*** The input Section Begins ***
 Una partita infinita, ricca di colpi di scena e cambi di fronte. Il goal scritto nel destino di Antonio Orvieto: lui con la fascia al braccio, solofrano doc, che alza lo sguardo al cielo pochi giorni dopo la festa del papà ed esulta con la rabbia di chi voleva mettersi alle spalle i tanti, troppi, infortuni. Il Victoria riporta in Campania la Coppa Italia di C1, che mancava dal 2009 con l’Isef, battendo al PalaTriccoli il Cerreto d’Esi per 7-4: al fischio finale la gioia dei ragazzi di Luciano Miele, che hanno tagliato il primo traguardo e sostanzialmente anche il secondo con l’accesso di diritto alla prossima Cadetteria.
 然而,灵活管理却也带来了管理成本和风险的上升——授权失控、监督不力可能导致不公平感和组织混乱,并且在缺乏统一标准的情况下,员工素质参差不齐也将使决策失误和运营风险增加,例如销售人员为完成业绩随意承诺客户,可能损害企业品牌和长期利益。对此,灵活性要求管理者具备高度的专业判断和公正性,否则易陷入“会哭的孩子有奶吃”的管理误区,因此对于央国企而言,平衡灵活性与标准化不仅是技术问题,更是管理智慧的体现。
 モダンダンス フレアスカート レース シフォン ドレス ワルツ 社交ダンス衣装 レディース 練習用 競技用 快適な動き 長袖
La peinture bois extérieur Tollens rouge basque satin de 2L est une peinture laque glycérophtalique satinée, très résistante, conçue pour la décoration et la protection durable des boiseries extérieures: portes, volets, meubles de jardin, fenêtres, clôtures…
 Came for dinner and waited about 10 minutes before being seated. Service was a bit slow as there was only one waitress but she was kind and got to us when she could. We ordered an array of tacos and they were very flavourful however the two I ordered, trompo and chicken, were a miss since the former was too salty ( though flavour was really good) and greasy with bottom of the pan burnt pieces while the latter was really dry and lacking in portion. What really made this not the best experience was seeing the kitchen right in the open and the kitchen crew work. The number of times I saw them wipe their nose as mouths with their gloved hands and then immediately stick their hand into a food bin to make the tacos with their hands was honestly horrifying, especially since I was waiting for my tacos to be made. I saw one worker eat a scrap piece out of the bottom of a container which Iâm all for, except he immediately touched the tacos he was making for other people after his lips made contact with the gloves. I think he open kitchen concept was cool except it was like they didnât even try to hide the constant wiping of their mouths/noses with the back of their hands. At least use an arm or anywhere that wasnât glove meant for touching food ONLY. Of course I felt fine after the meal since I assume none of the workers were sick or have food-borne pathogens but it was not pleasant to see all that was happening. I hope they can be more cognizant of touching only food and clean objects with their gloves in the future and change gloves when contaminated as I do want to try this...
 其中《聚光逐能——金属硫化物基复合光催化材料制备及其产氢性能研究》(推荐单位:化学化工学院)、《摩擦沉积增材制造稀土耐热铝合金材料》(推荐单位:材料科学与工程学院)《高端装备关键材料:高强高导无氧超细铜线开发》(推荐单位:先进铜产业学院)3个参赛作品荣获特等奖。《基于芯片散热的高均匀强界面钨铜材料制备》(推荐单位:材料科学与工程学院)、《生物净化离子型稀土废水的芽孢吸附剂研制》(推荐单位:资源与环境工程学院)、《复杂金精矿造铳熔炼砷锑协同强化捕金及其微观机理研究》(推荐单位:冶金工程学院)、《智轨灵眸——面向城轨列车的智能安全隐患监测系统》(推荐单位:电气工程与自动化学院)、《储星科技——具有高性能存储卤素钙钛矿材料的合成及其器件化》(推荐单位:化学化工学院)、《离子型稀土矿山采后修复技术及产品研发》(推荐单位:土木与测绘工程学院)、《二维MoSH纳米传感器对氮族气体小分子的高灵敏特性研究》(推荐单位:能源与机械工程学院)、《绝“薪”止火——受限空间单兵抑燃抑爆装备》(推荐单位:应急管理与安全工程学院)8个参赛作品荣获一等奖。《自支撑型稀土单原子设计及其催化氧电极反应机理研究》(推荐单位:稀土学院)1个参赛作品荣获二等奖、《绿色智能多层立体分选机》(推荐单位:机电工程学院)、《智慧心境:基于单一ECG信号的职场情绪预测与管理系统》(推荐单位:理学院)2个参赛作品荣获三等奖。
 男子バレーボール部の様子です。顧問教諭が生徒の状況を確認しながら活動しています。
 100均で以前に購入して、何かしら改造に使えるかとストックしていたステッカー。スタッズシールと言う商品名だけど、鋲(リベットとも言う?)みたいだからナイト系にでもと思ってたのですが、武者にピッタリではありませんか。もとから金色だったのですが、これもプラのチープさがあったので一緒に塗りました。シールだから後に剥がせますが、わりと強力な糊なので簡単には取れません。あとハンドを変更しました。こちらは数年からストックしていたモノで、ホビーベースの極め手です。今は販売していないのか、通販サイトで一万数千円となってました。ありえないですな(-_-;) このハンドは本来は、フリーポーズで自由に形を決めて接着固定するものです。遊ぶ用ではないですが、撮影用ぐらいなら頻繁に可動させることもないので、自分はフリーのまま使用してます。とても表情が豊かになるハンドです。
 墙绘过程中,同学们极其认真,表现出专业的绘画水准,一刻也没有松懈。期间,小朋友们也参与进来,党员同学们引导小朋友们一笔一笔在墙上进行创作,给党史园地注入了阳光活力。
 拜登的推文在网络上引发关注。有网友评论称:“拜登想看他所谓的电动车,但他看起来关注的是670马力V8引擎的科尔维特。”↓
*** The input Section Ends ***
*** The input Section Begins ***
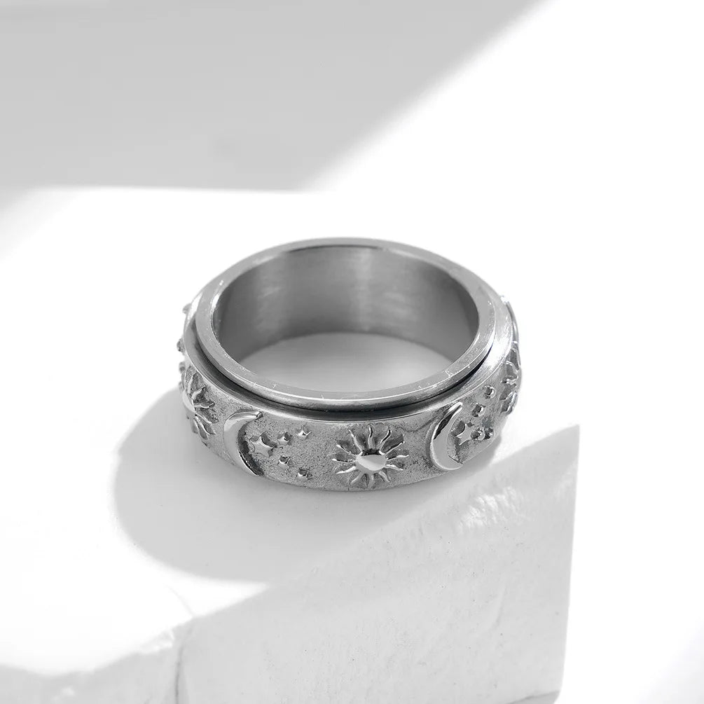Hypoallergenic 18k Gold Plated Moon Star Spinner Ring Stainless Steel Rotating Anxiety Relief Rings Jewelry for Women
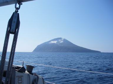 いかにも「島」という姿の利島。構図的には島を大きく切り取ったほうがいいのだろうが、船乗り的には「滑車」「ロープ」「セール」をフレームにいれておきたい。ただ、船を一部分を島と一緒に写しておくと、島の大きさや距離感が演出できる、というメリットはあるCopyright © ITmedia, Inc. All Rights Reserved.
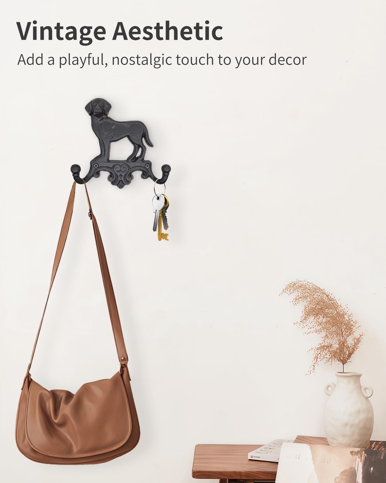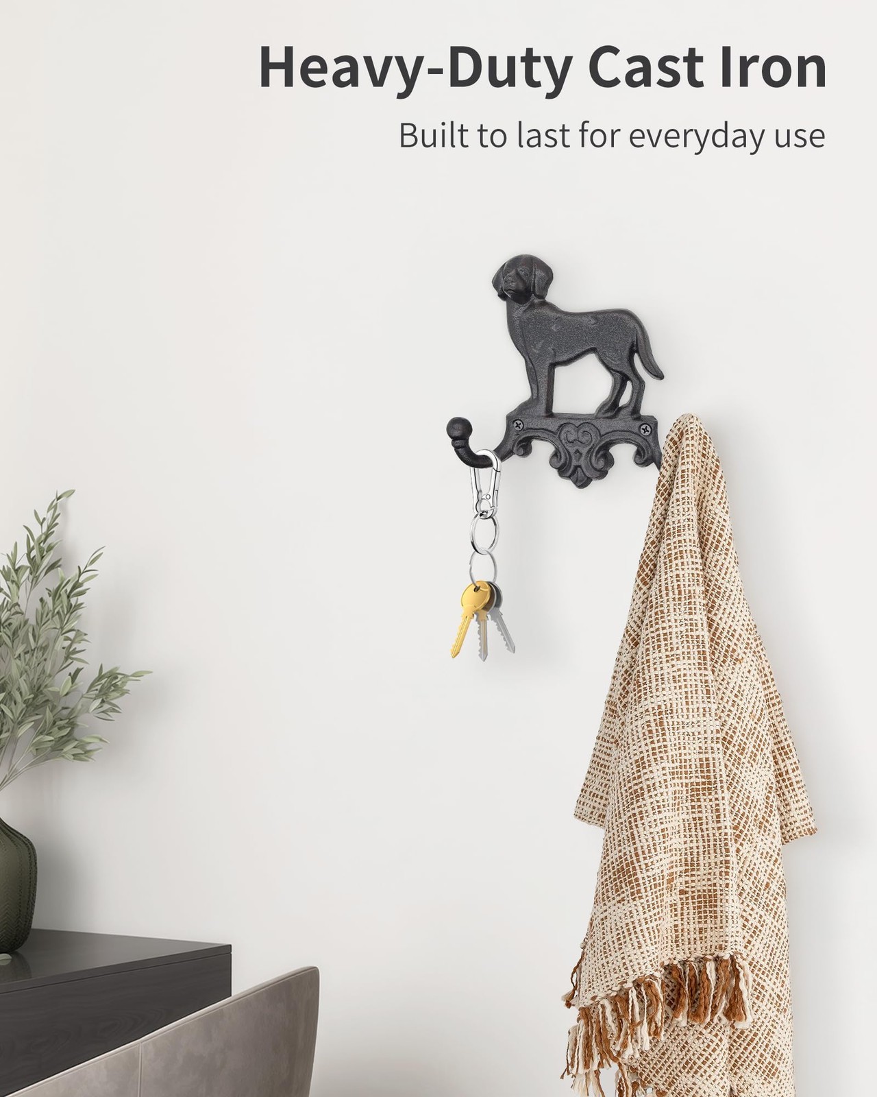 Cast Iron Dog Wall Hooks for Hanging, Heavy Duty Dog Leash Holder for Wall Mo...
*** The input Section Ends ***
- **What the task asks**: What are the lines above from the one with "All Rights Reserved." to the one with "Cast Iron Dog", both included? Reproduce them exactly, without pictures.

- **Answer section**:
 いかにも「島」という姿の利島。構図的には島を大きく切り取ったほうがいいのだろうが、船乗り的には「滑車」「ロープ」「セール」をフレームにいれておきたい。ただ、船を一部分を島と一緒に写しておくと、島の大きさや距離感が演出できる、というメリットはあるCopyright © ITmedia, Inc. All Rights Reserved.
 Cast Iron Dog Wall Hooks for Hanging, Heavy Duty Dog Leash Holder for Wall Mo...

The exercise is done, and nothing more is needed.